Dan Capecci

Personal information
- Full name: Daniel Capecci
- Date of birth: December 10, 1983 (age 41)
- Place of birth: Vestal, New York, U.S.
- Height: 5 ft 10 in (1.78 m)
- Position: Midfielder

Senior career*
- Years: Team / Apps / (Gls)
- 1999–2000: Ancona / 0 / (0)
- 2003–2004: Syracuse Salty Dogs / - / (-)
- 2004–2006: Wilmington Hammerheads / 18 / (0)
- 2007: Crystal Palace Baltimore / 10 / (0)
- 2008: Oskarshamns AIK / 10 / (1)
- 2009: Valsta Syrianska IK / 9 / (0)
- 2010: IK Frej / 5 / (0)
- 2010: Sarasota United FC / 9 / (0)

= Daniel Capecci =

American soccer player (born 1983)

Daniel Capecci (born December 12, 1983) is an American retired soccer player.

==Career==
Capecci joined the Wilmington Hammerheads in 2004 after a season with USL Premier Development League team Syracuse Salty Dogs.
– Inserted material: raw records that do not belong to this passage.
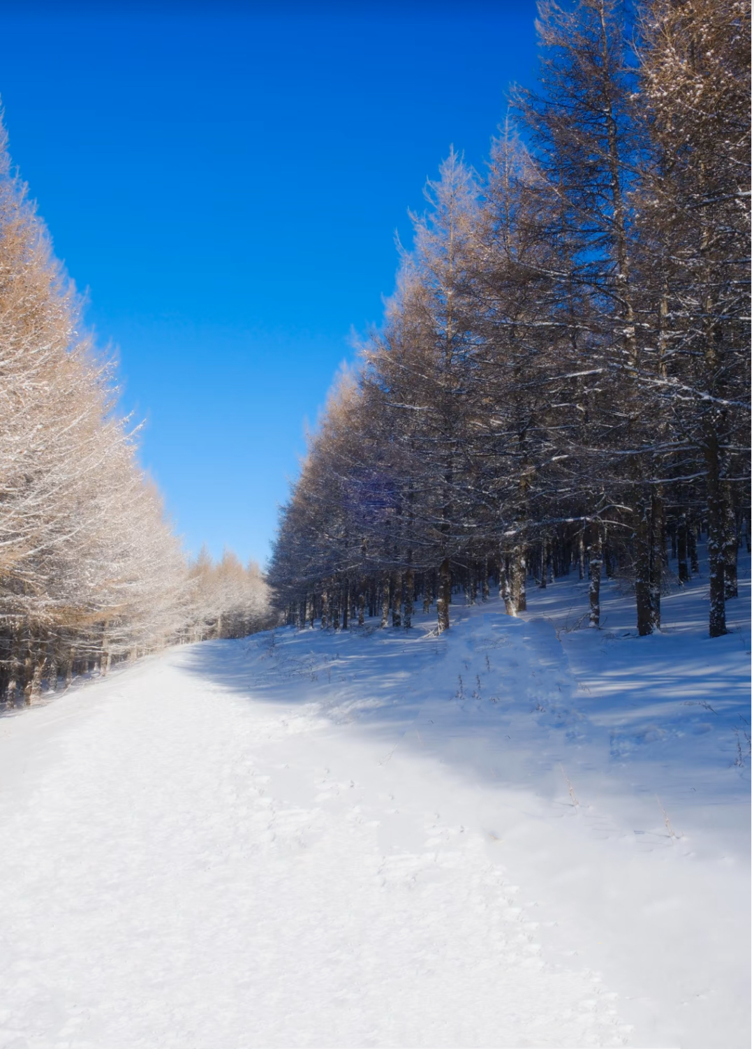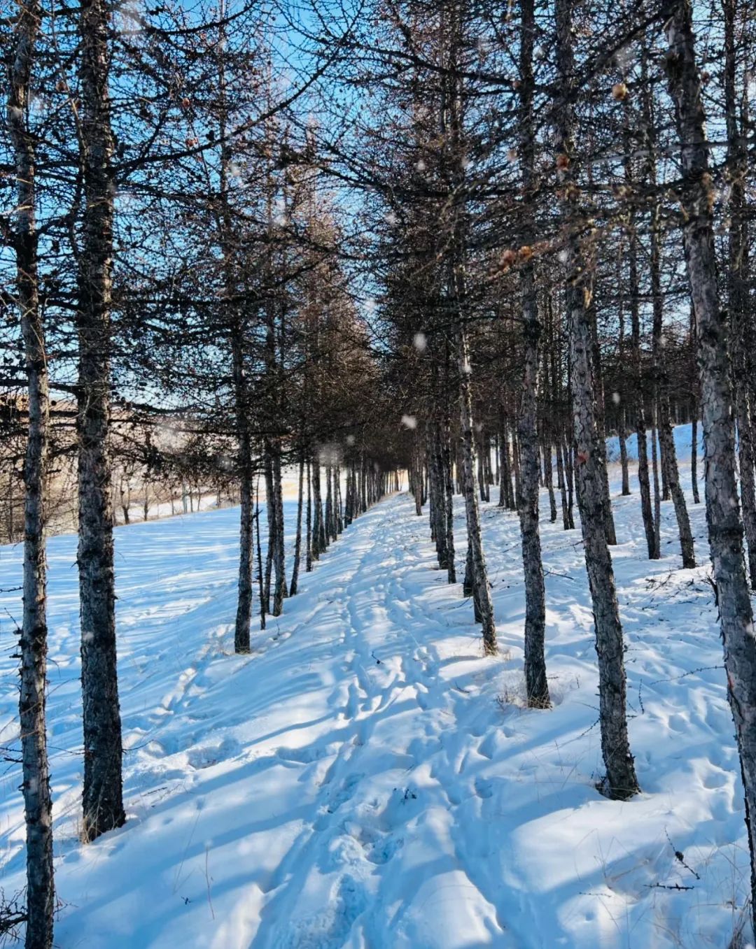 冬天白雪皑皑,一片北国风光,山上积雪数尺,整冬不化,区别于夏季的风景,但都超震撼。一场风雪过后,阳光明媚,登高遥望坝头,山峦森林,草地田间,一片白色景象,唯有公路被狂风吹得光滑如镜,突兀似一条黑色绸带,绵延百余公里。
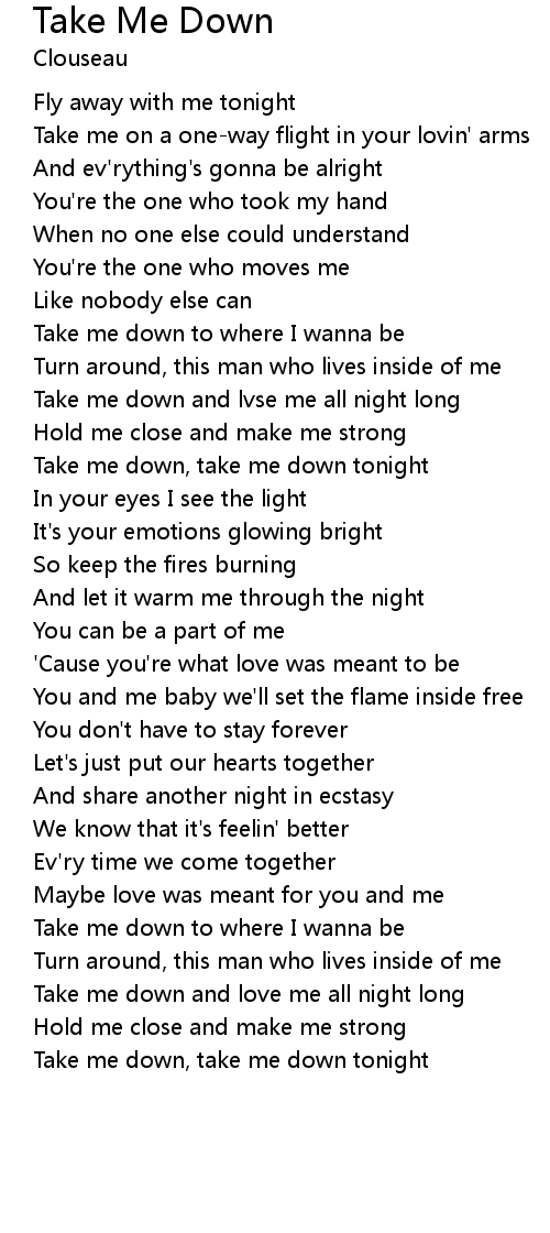 Take me down, take me down tonight |
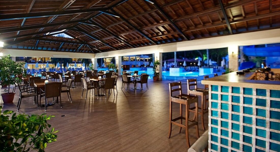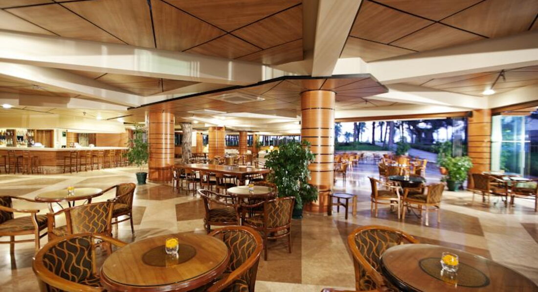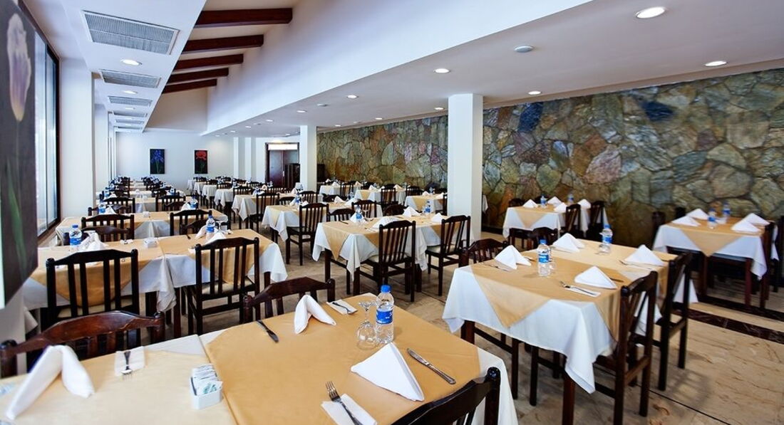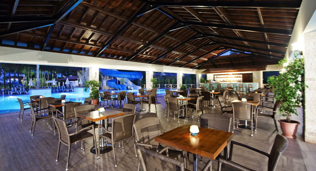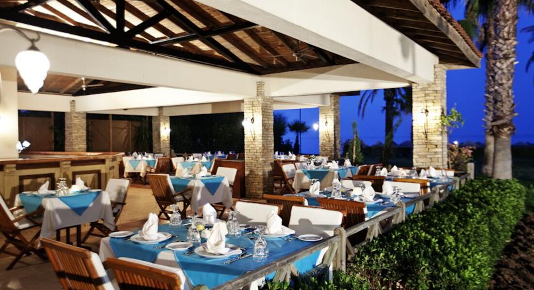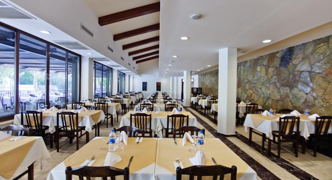Бари та ресторани: головний ресторан – міжнародна кухня, розрахований на 550 осіб, критий, з кондиціонером та терасою, є дитяче та дієтичне меню; бар біля басейну (10:00-00:00), бар (10:00-01:00) – безкоштовно. 1 ресторан A"la Сarte: турецька - відвідування 1 ресторану за час проживання безкоштовно, за попередньою резервацією.
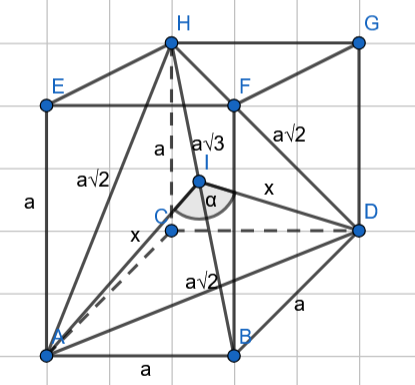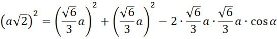 Wyznacz cosinus kąta zawartego między ścianami bocznymi tego ostrosłupa, których wspólną krawędzią jest przekątna sześcianu, jeśli w sześcianie połączono wierzchołki dolnej podstawy z jednym z wierzchołków górnej podstawy i otrzymano ostrosłup.
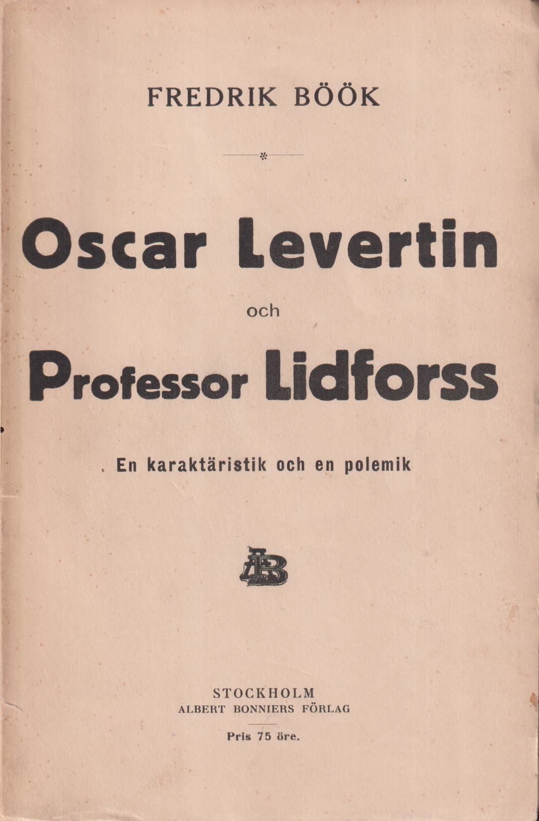 Oscar Levertin och professor Lidforss. En karaktäristik och en polemik af Fredrik Böök. [Utg. av] Albert Bonniers förlag.
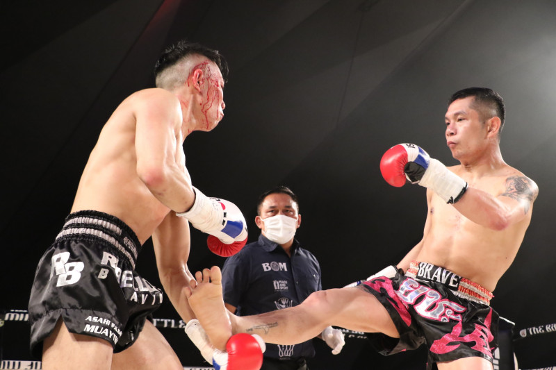 朝陽は2RにPONちゃんのヒジで右側頭部をカット
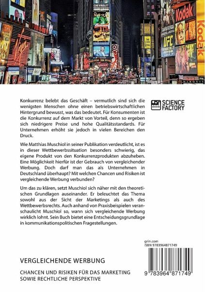 Konkurrenz belebt das Geschäft - vermutlich sind sich die wenigsten Menschen ohne einen betriebswirtschaftlichen Hintergrund bewusst, was das bedeutet. Für Konsumenten ist die Konkurrenz auf dem Markt von Vorteil, denn so ergeben sich niedrigere Preise und hohe Qualitätsstandards. Für Unternehmen erhöht sie jedoch in vielen Bereichen den Druck.Wie Matthias Muschiol in seiner Publikation verdeutlicht, ist es in dieser Wettbewerbssituation besonders schwierig, das eigene Produkt von den Konkurrenzprodukten abzuheben. Eine Möglichkeit hierfür ist der Gebrauch von vergleichender Werbung. Doch darf man das als Unternehmen in Deutschland überhaupt? Mit welchen Chancen und Risiken ist vergleichende Werbung verbunden?Um das zu klären, setzt Muschiol sich näher mit den theoretischen Grundlagen auseinander. Er beleuchtet das Thema sowohl aus der Sicht der Marketings als auch des Wettbewerbsrechts. Auch anhand von Praxisbeispielen veranschaulicht Muschiol so, wann sich vergleichende Werbungwirklich lohnt. Sein Buch bietet eine Entscheidungsgrundlage in kommunikationspolitischen Fragestellungen.Aus dem Inhalt:- Online-Marketing;- Offline-Marketing;- UWG;- Gesetz gegen den unlauteren Wettbewerb;- Bannerwerbung;- Wettbewerb
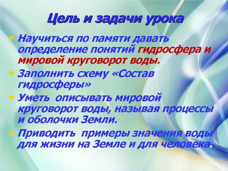 Образовательные: способствовать формированию знаний о гидросфере, как оболочке Земли, её составных частях, Мировом круговороте Воды в природе.
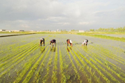 6月6日无人机拍摄的进入全面返青期的内蒙古赤峰市阿鲁科尔沁草原。随着气温回升、降雨量逐渐增多,内蒙古草原开始进入全面返青期。

He started playing soccer with Ancona Calcio. The midfielder played the 2007 season for American USL Second Division side Crystal Palace Baltimore and joined in Winter 2008 to Sweden. In 2008 started in Sweden his European career and played for Oskarshamns AIK, Valsta Syrianska IK and IK Frej.

Capecci retired from professional soccer in 2010 and is an alumnus of the University of Florida's Applied Artificial Intelligence Group. As of 2024 he owns an AI company and works as a research software development assistant at the University of Central Florida.